– Алексей Александрович, неужели вы снова вернулись в наше
славное заведение? – обратился ко мне полный мужчина с широким
добродушным лицом и козлиной бородкой. Он тоже носил медальон. –
Рад, что вы наконец-то поправились.
Я подошёл и вручил письмо и медицинское заключение, мужчина взял
их и, нацепив пенсне, пробежал глазами.
– Ну что ж, Алексей Александрович, – он отложил бумаги и снял
пенсне. – В класс мы вас вернём, разумеется, учёбу можно продолжить
с сегодняшнего дня. Готовы дальше грызть гранит науки?
– Всегда готов, – ответил я.
– Рад слышать. Ну теперь осталось только подыскать вам свободную
койку, – инспектор поднялся. – Пойдёмте, не будем терять время.
Я подхватил портфель, чемодан и шпагу и последовал за ним.
Едва мы покинули кабинет, как мимо прошла компания ребят. Они
поздоровались с инспектором, которого, как оказалось, звали Пётр
Семёнович. Моё внимание привлёк крупный белобрысый гимназист со
шрамами от ожога на подбородке и левой щеке. Мы встретились с ним
взглядом, и у меня возникло крайне неприятное чувство. Из глубины
души поднялась злоба. Я ненавидел этого парня, хотя и не мог
понять, за что.
Причина могла быть только одна: белобрысый был среди тех
ушлёпков, которые покалечили Алексея.
Мы шли по длинному коридору, с одной стороны были окна, ведущие
во двор, а с другой – двери классов. Поворот, скрипучая деревянная
дверь, несколько ступенек вниз, ещё поворот, и вот мы оказались в
очередном коридоре – на этот раз плохо освещённом и мрачном.

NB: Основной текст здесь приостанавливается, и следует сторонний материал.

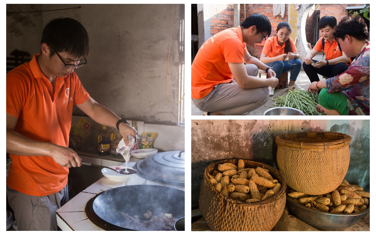 一方水土养一方人,一方山水有一方风情。为了和当地村民建立良好的情谊,团队成员前往农户家体验当地农村生活:有的队员系上围裙,深入厨房烹饪菜肴;有的队员搬起稻谷,喂养家禽;还有些队员,深入田地浇水施肥。当地质朴和善的劳动人民给团队成员留下了深刻的印象。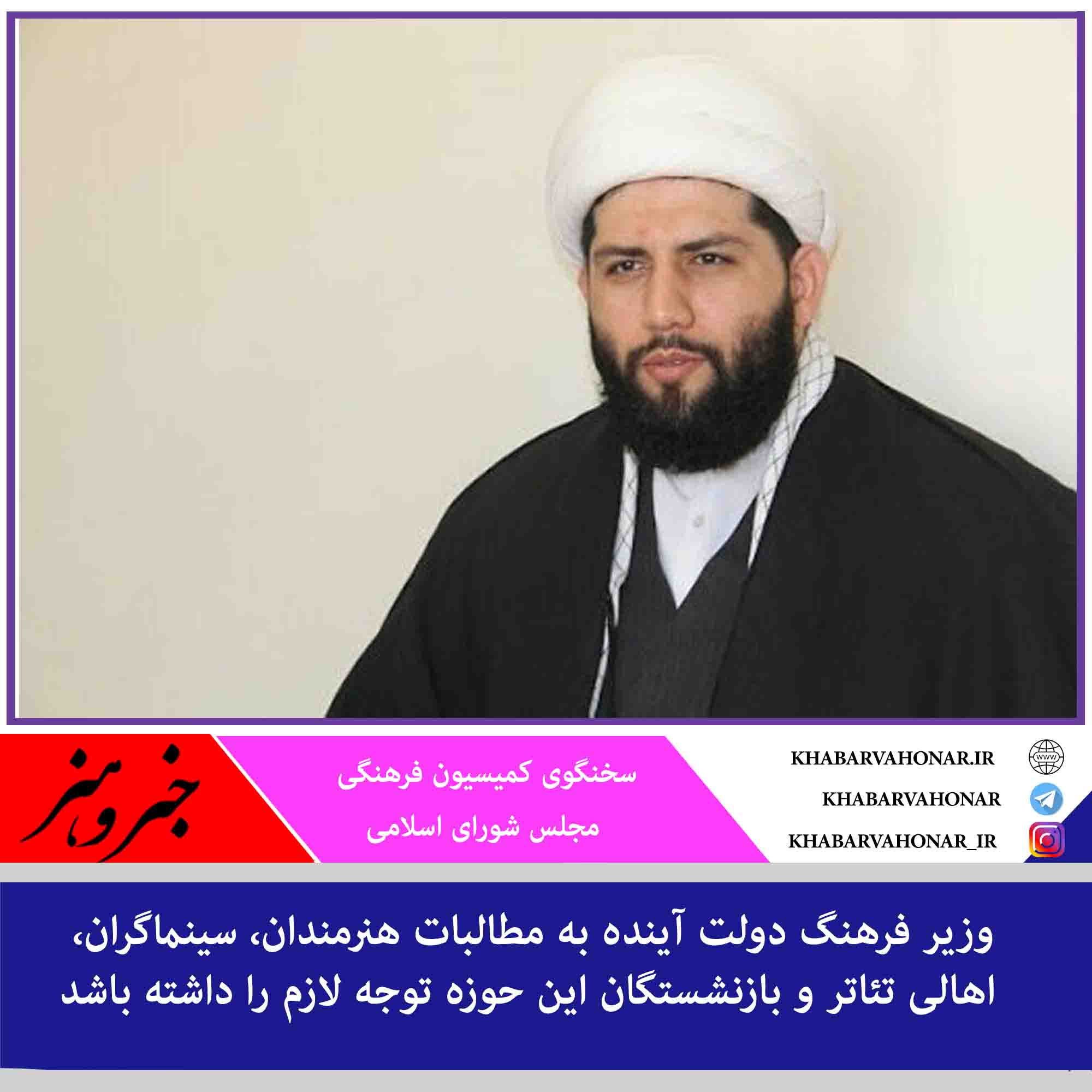 سخنگوی کمیسیون فرهنگی مجلس شورای اسلامی گفت: وزیر فرهنگ و ارشاد اسلامی دولت ابراهیم رییسی به مسائلی چون جمعیت، ساماندهی فضای مجازی و مطالبات جامعه هنری کشور توجه لازم را داشته باشد.
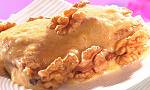 Ajoutez le beurre fondu refroidi, les noix pilées et 3 biscuits réduits en poudre.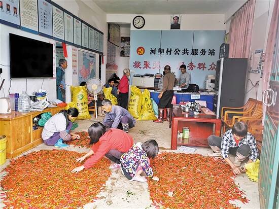 ■南江口镇河塱村,大家忙着分拣辣椒,为出售作准备。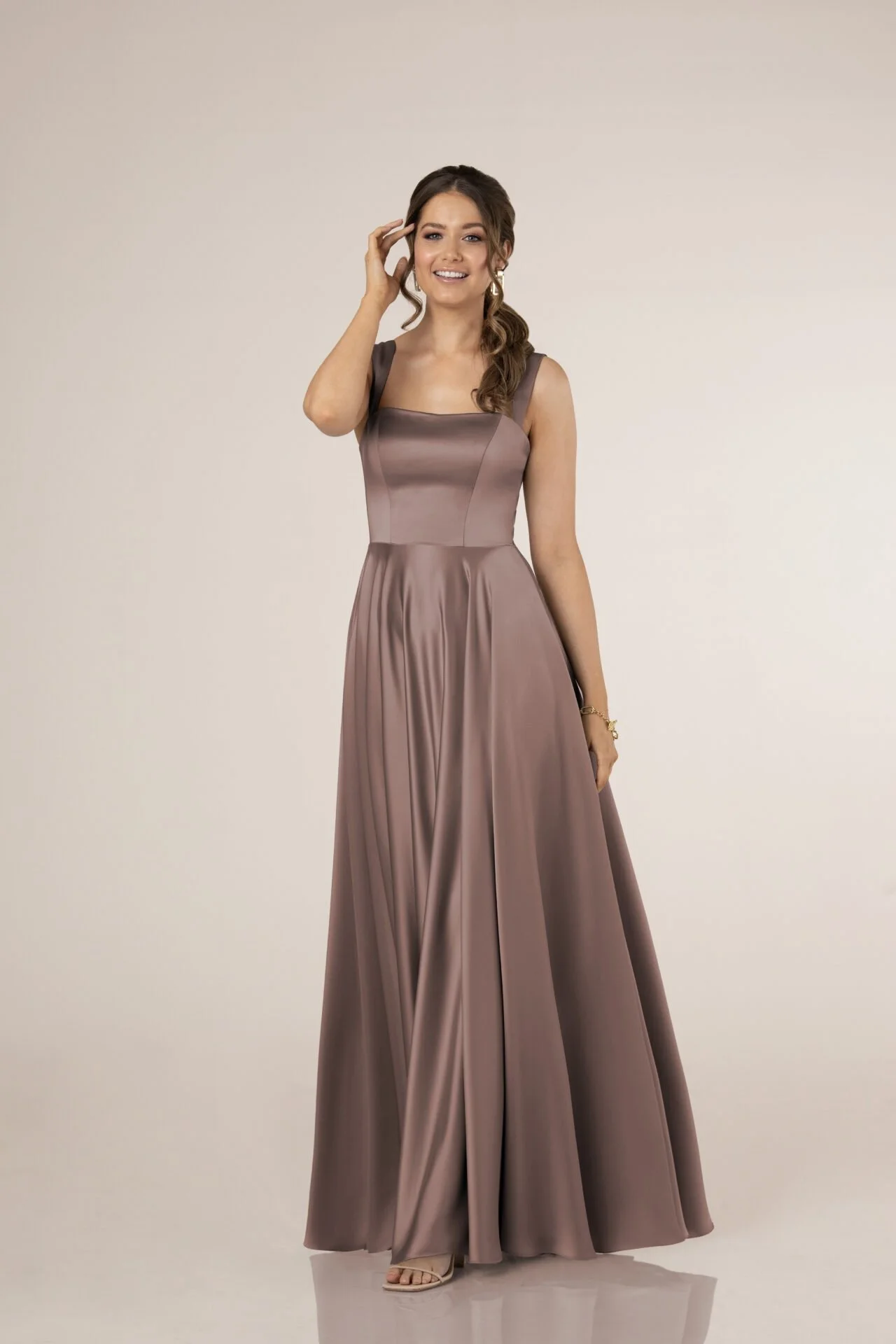 This Sorella Vita gown is a perfect example of understated elegance. The straight-across neckline and wide thick straps create a sleek, minimalist look that works beautifully across different body types.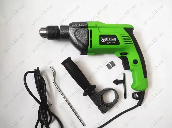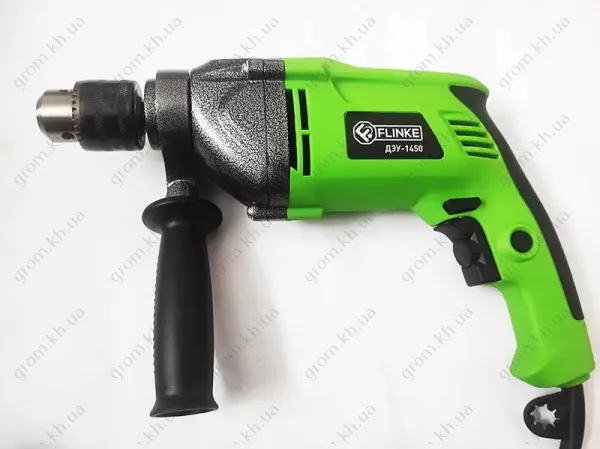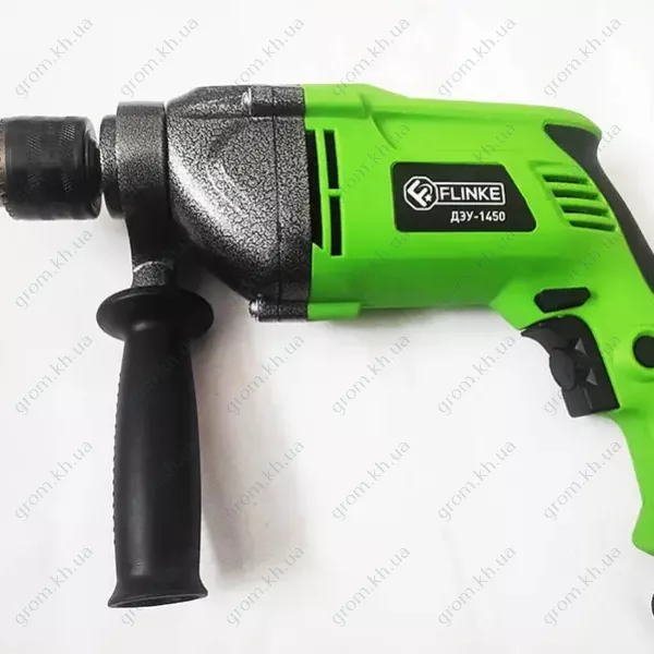 Flinke ДЭУ-1450 оснащен двигателем мощностью 1450 Вт и металлическим ключевым патроном для надежного удержания бит. Он способен работать с различными материалами. Благодаря двухрежимной работе пользователи могут легко переключаться между стандартным сверлением древесины, металла и пластика и ударным сверлением для более твердых материалов, таких как каменная кладка и бетон.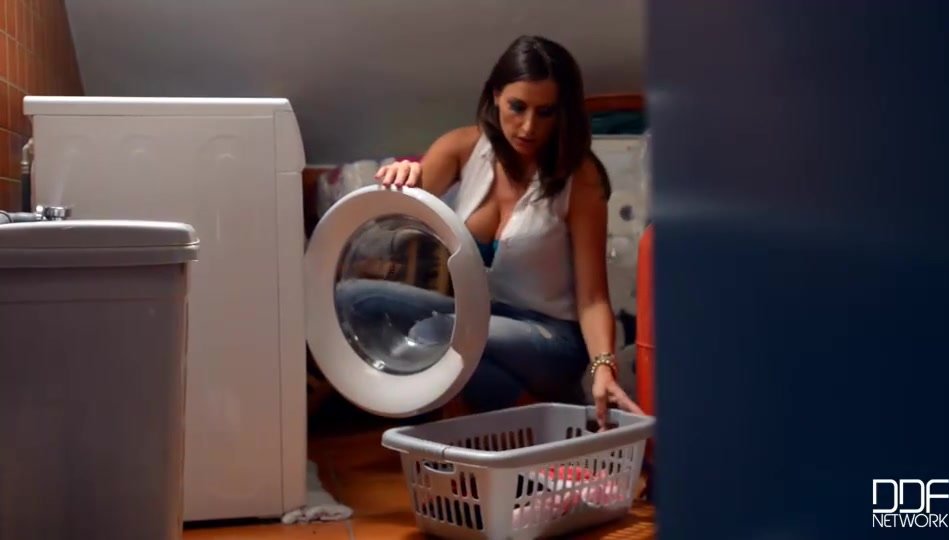 Великолепная брюнетка пыталась постирать свое белье и никак не могла справиться с машинкой. Делать было нечего, потому она пришла к своему соседу. Тот с радостью согласился помочь и, закинув на стирку, пришел к ней. Слово за слово и парочка уже ласкала друг друга. Грудастая красотка умело надрочила ножками его член, после чего он с удовольствием вылизал ее сочную киску. После они занялись привлекательным сексом, и он кончил. Оплата за стирку была более чем удачной.

Все двери тут были распахнуты, и сквозь них виднелись помещения
со множеством кроватей. Место это напоминало скорее казарму, нежели
общежитие.
– Ваша прежняя койка, к сожалению, занята, – уведомил меня Пётр
Семёнович, – придётся вам обживаться на новом месте.
Мы прошли в конец коридора и свернули в крайнюю комнату. Она
была поменьше остальных. По периметру стояли восемь кроватей, а в
центре – четыре стола, сдвинутые друг к другу. В изголовье каждой
кровати находился шкафчик.
В соседнюю комнату вела ещё одна открытая дверь. Высокие потолки
и белые стены, лишённые какого-либо декора, навевали атмосферу
больничной палаты. Было холодно, воздух казался сырым. Печка
отсутствовала, но у стены стоял большой деревянный ящик, закрытый
изразцовой металлической пластиной. От него шло тепло, которого
явно не хватало для обогрева всего помещения. Дома у меня тоже
топили не жарко, но там без сюртука я не мёрз, а тут – хоть шинель
не снимай.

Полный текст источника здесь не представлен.